AB 361’s flexibility will be retired in the near future (and not later than February 28, 2023 based on the recent statement by Governor Newsom).   

Unless otherwise permitted by AB 361, members participating remotely would be required to identify their remote location’s address on agenda and have the location open to the public, per Brown Act requirements.   

Remote participation for the public would still be available by virtual means (such as Zoom), if the council agrees.   

Remote participation by members is left to the approval and discretion of the President. 
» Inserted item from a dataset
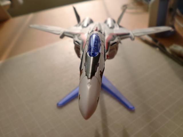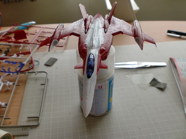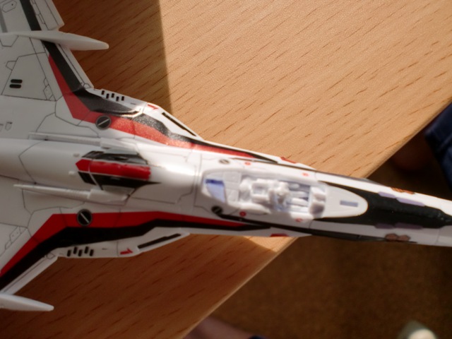 トップコートをバルキリーに吹く前に、つや消しなのでクリアパーツにかけると曇るのではないかと思いコックピットのクリアパーツを外すことにしました。

One concern is the current Council President is a thought leader on "one item" budget hearings, one of the most draconian and asinine notions ever floated by an elected official.   

Your Show of Shows:

Recalls are notoriously expensive and difficult to pull off. The last L.A. council member removed from office that way was Meade McClanahan, who was recalled in 1946 just months after his election because he refused to disavow his support of an antisemite.   

LA Mag tweeted "Waiting for the haters to find something wrong with Dr. Jill Biden, the First Lady of the United States, presenting the GRAMMY for Song of the Year" to a genuinely surprised Bonnie Rait.  

Reminded me of a funny response to another bit of churn created by Time Out Los Angeles. They were wondering "what are some Los Angeles-specific dating red flags for you?  Let us know." 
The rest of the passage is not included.